Ngô Quốc Anh

May 19, 2009

Casorati–Weierstrass theorem, the behavior of meromorphic functions near essential singularities

Filed under: Giải tích 7 (MA4247) — Tags: , — Ngô Quốc Anh @ 14:42

In complex analysis, a branch of mathematics, the Casorati–Weierstrass theorem describes the remarkable behavior of meromorphic functions near essential singularities. It is named for Karl Theodor Wilhelm Weierstrass and Felice Casorati.

Formal statement of the theorem.

Start with some open subset U in the complex plane containing the number z_0, and a function f that is holomorphic on U\backslash \left\{ {{z_0}} \right\}, but has an essential singularity at z_0. The Casorati–Weierstrass theorem then states that

if V is any neighborhood of z_0 contained in U, then f(V \backslash \{z_0\}) is dense in \mathbb C.

This can also be stated as follows

for any \varepsilon > 0 and any complex number w, there exists a complex number z in U with |z-z_0| < \varepsilon and |f(z)-w| < \varepsilon.

Or in still more descriptive terms

f comes arbitrarily close to any complex value in every neighbourhood of z_0.

This form of the theorem also applies if f is only meromorphic. The theorem is considerably strengthened by Picard’s great theorem, which states, in the notation above, that f assumes every complex value, with one possible exception, infinitely often on V.

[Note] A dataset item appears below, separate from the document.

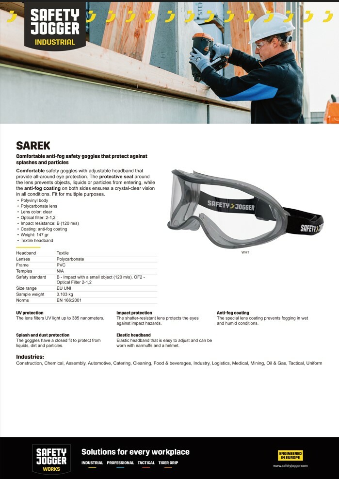 可調節的頭帶提供了安全和舒適的佩戴,並可與其他防護設備,如頭盔和耳罩一起佩戴.適合多種用途。

The function f(z) = e^\frac{1}{z} has an essential singularity at z_0 = 0, but the function g(z) = \frac{1}{z^3} does not (it has a pole at 0). Consider the function

\displaystyle f(z)=e^{1/z}.

This function has the following Laurent series about the essential singular point at z_0

\displaystyle f(z)=\displaystyle\sum_{n=0}^{\infty}\frac{1}{n!z^{n}}.